_TASK TO COMPLETE_
The answer should be every line below, repeated exactly, with the images left out.

*** RECORDED DATA

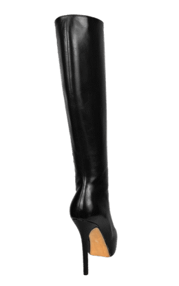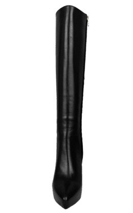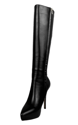 12公分鞋跟 黑色高品质牛皮 带防水台小尖头高跟及膝靴,皮革光滑且有较高的光泽
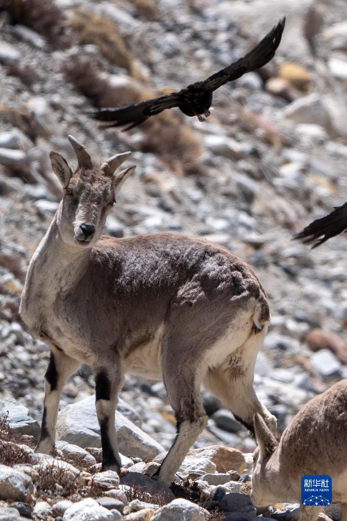 這是在珠峰國家級(jí)自然保護(hù)區(qū)內(nèi)拍攝的巖羊和黃嘴山鴉(5月13日攝)。新華社發(fā)(旦增努布 攝)
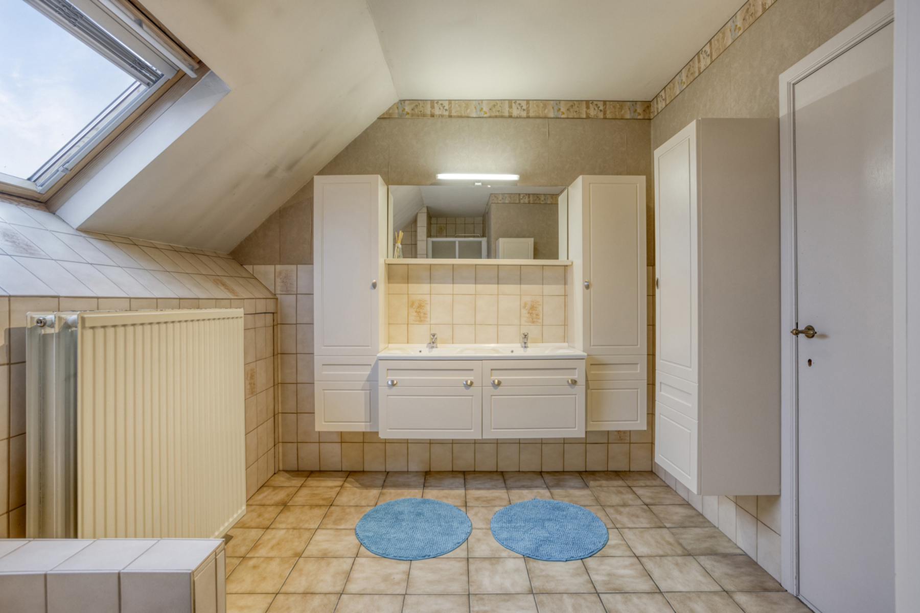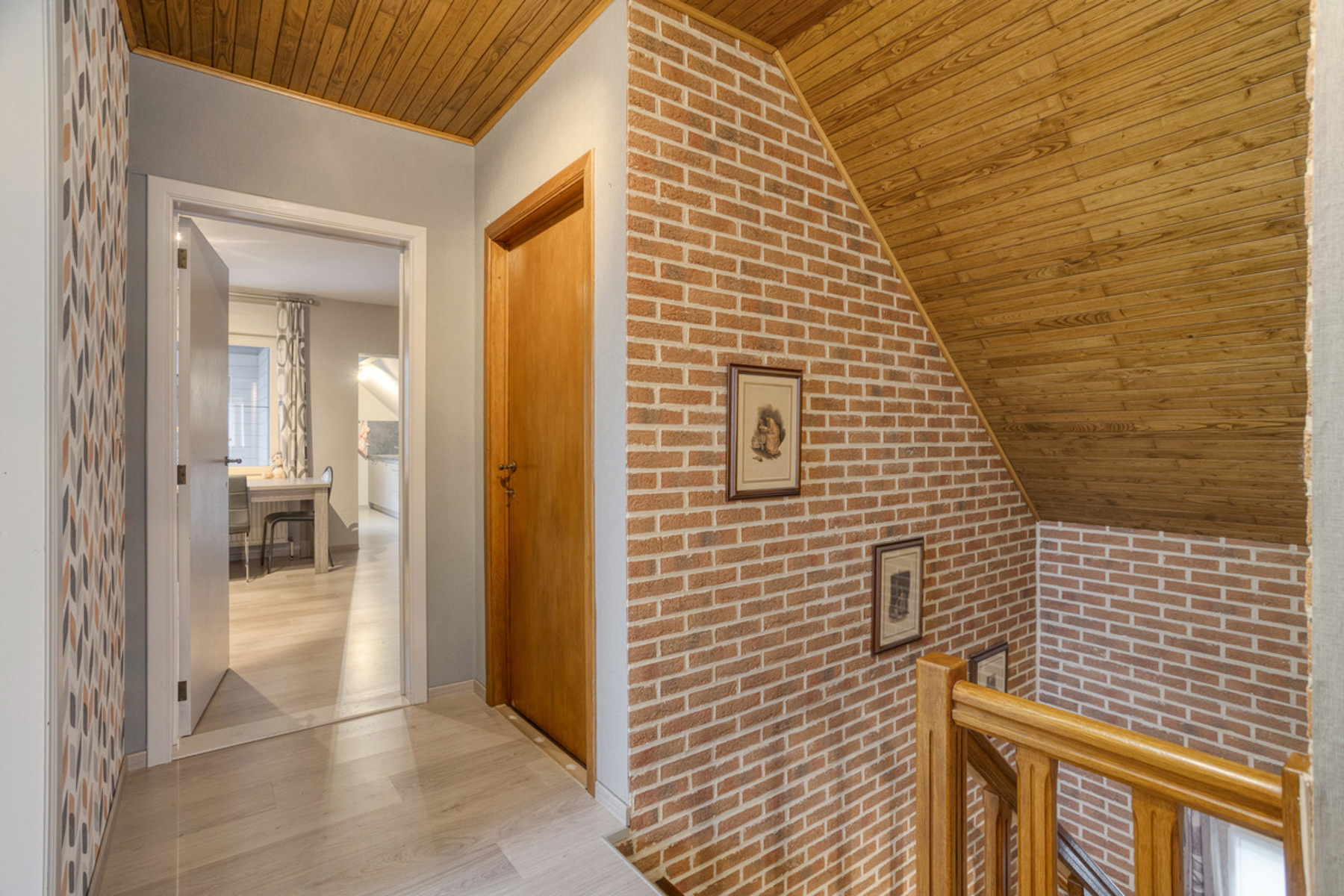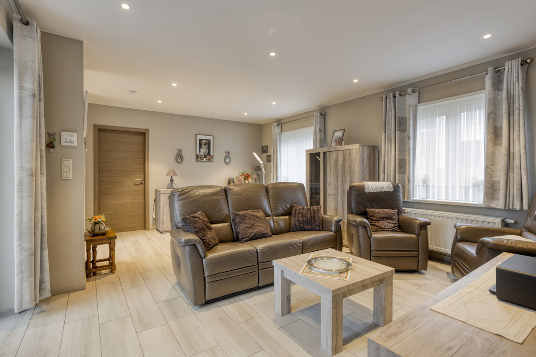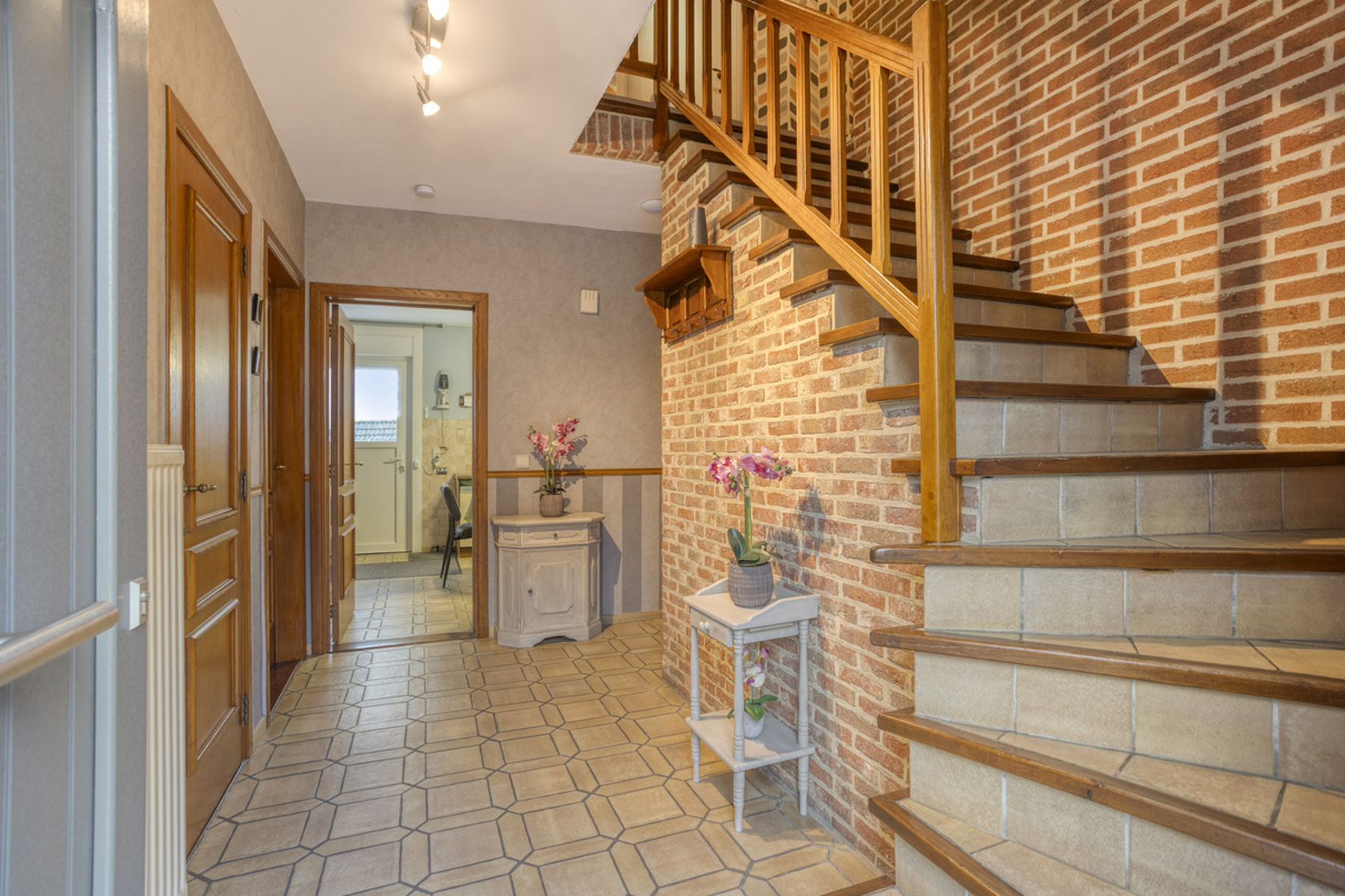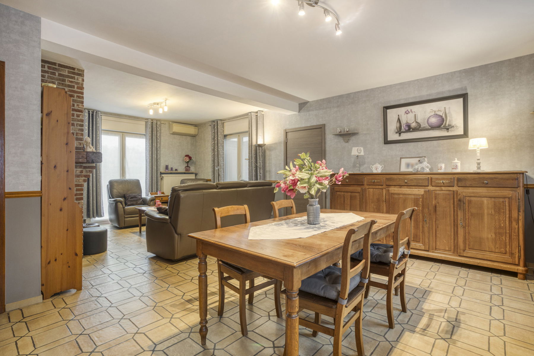 Additional information: terrace and garden facing south-east - awning - covered terrace (+/-10m²) - double garage with electric door - parking spaces in front of the house - gas heating - double glazing in wood and PVC - mosquito screens - shutters - rainwater tank - air conditioning - solar panels - PEB: 135 kWh/m².

******

_EXERCISE RESPONSE_
 12公分鞋跟 黑色高品质牛皮 带防水台小尖头高跟及膝靴,皮革光滑且有较高的光泽
 這是在珠峰國家級(jí)自然保護(hù)區(qū)內(nèi)拍攝的巖羊和黃嘴山鴉(5月13日攝)。新華社發(fā)(旦增努布 攝)
 Additional information: terrace and garden facing south-east - awning - covered terrace (+/-10m²) - double garage with electric door - parking spaces in front of the house - gas heating - double glazing in wood and PVC - mosquito screens - shutters - rainwater tank - air conditioning - solar panels - PEB: 135 kWh/m².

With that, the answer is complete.